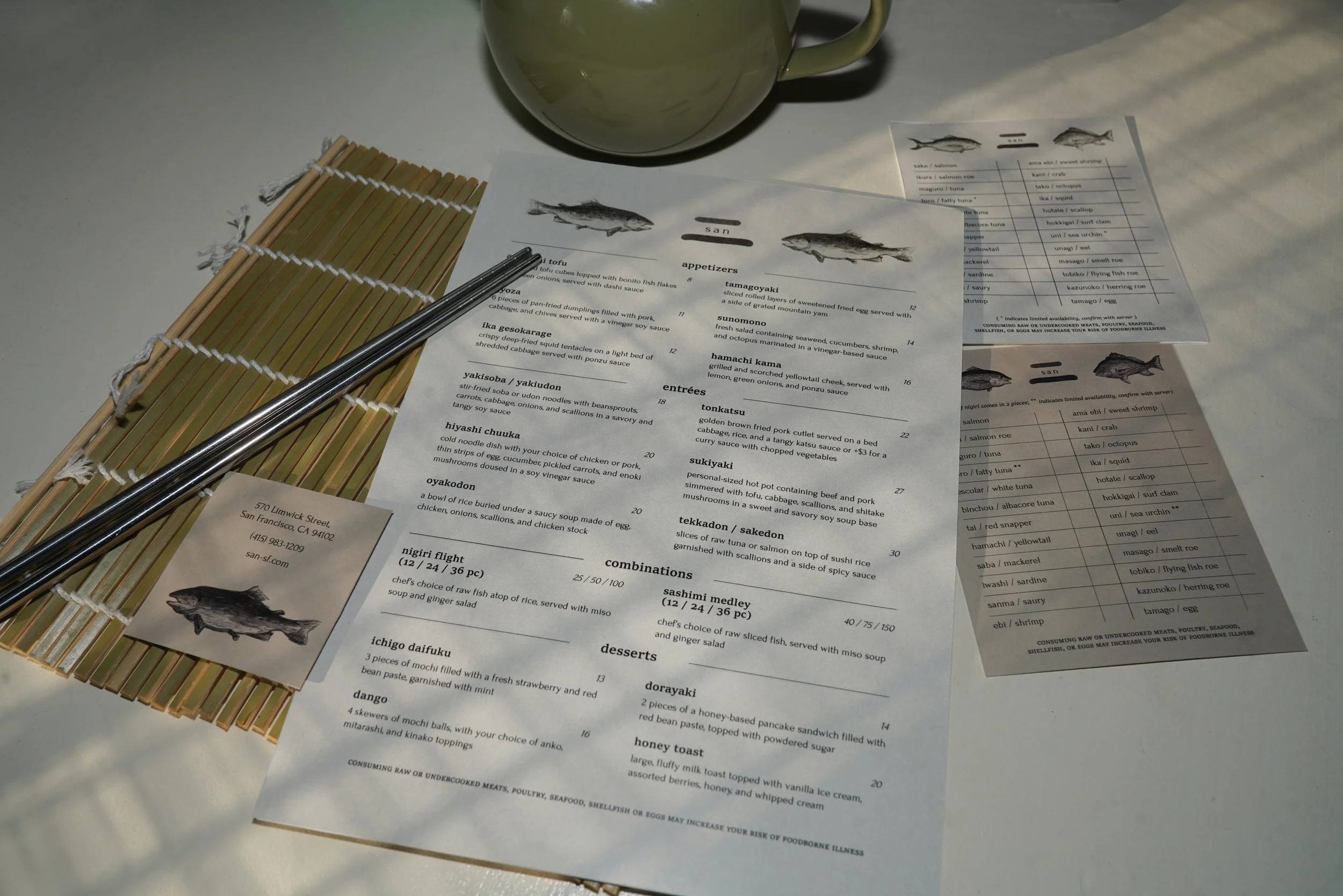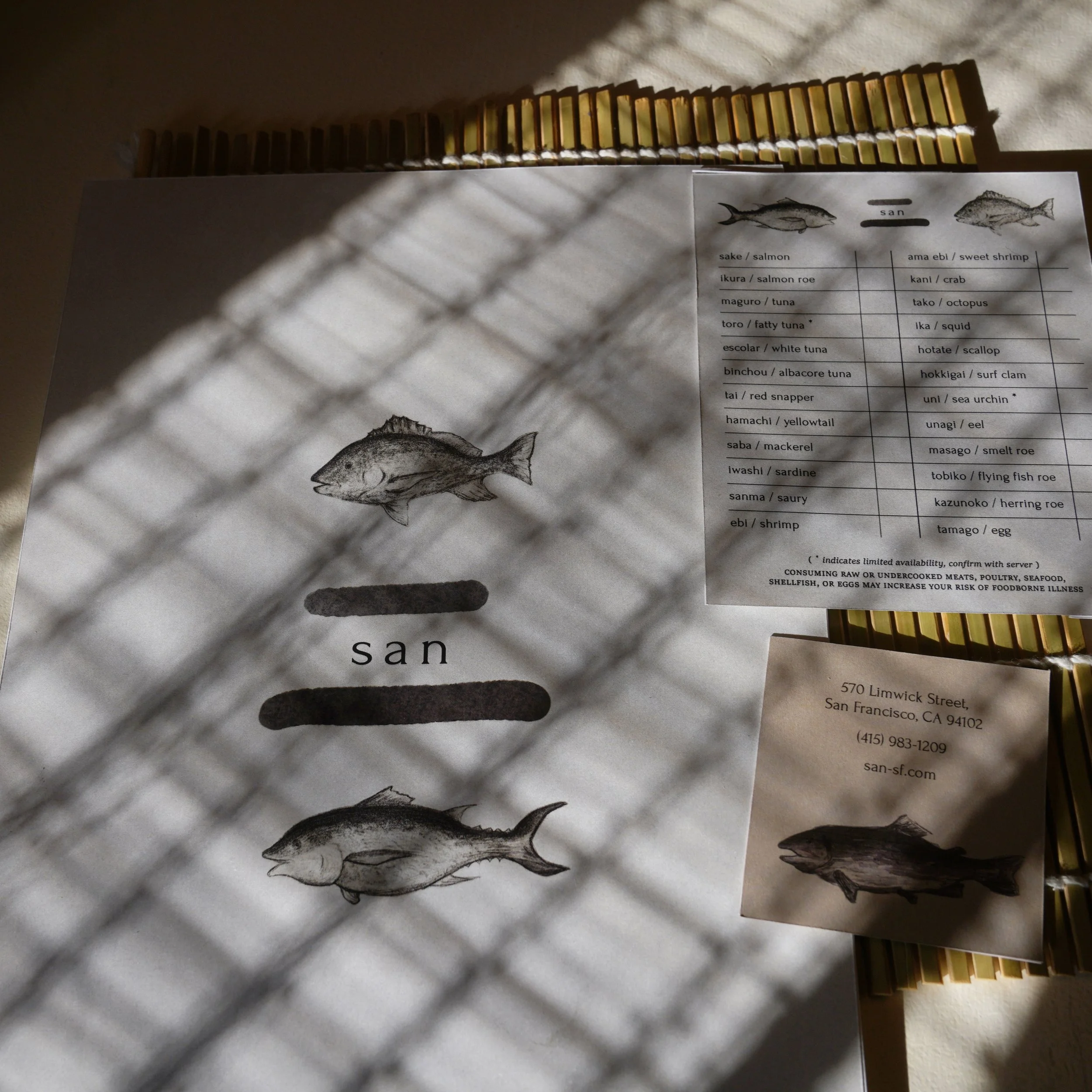 Menus and such for a high-end Japanese restaurant, named San.
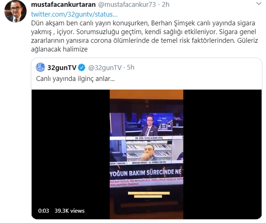 Program sürerken kendisinin görüntüsünün de ekranda olduğunu fark etmeyen Berhan Şimşek bir sigara yaktı. Reji, hemen Şimşek’in görüntüsünü yayından kaldırdı. Sağlık konusunun konuşulduğu programda Berhan Şimşek’in sigara yakması Twitter’da en çok paylaşılanlar arasında girdi.
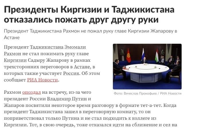 Ղրղզստանի ու Տաջիսկստանի սահմանին շաբաթներ առաջ բախում էր տեղի ունեցել, որ ընթացքում երկու կողմն էլ մի քանի տասնյակ զոհ էին տվել: Իրենց ժողովրդի զավակների կյանքերը գնահատող նախագահները հանդիպելիս իրար չեն բարեւել:
******
Return every line above verbatim, pictures excluded.

* [SOLUTION]
 Menus and such for a high-end Japanese restaurant, named San.
 Program sürerken kendisinin görüntüsünün de ekranda olduğunu fark etmeyen Berhan Şimşek bir sigara yaktı. Reji, hemen Şimşek’in görüntüsünü yayından kaldırdı. Sağlık konusunun konuşulduğu programda Berhan Şimşek’in sigara yakması Twitter’da en çok paylaşılanlar arasında girdi.
 Ղրղզստանի ու Տաջիսկստանի սահմանին շաբաթներ առաջ բախում էր տեղի ունեցել, որ ընթացքում երկու կողմն էլ մի քանի տասնյակ զոհ էին տվել: Իրենց ժողովրդի զավակների կյանքերը գնահատող նախագահները հանդիպելիս իրար չեն բարեւել:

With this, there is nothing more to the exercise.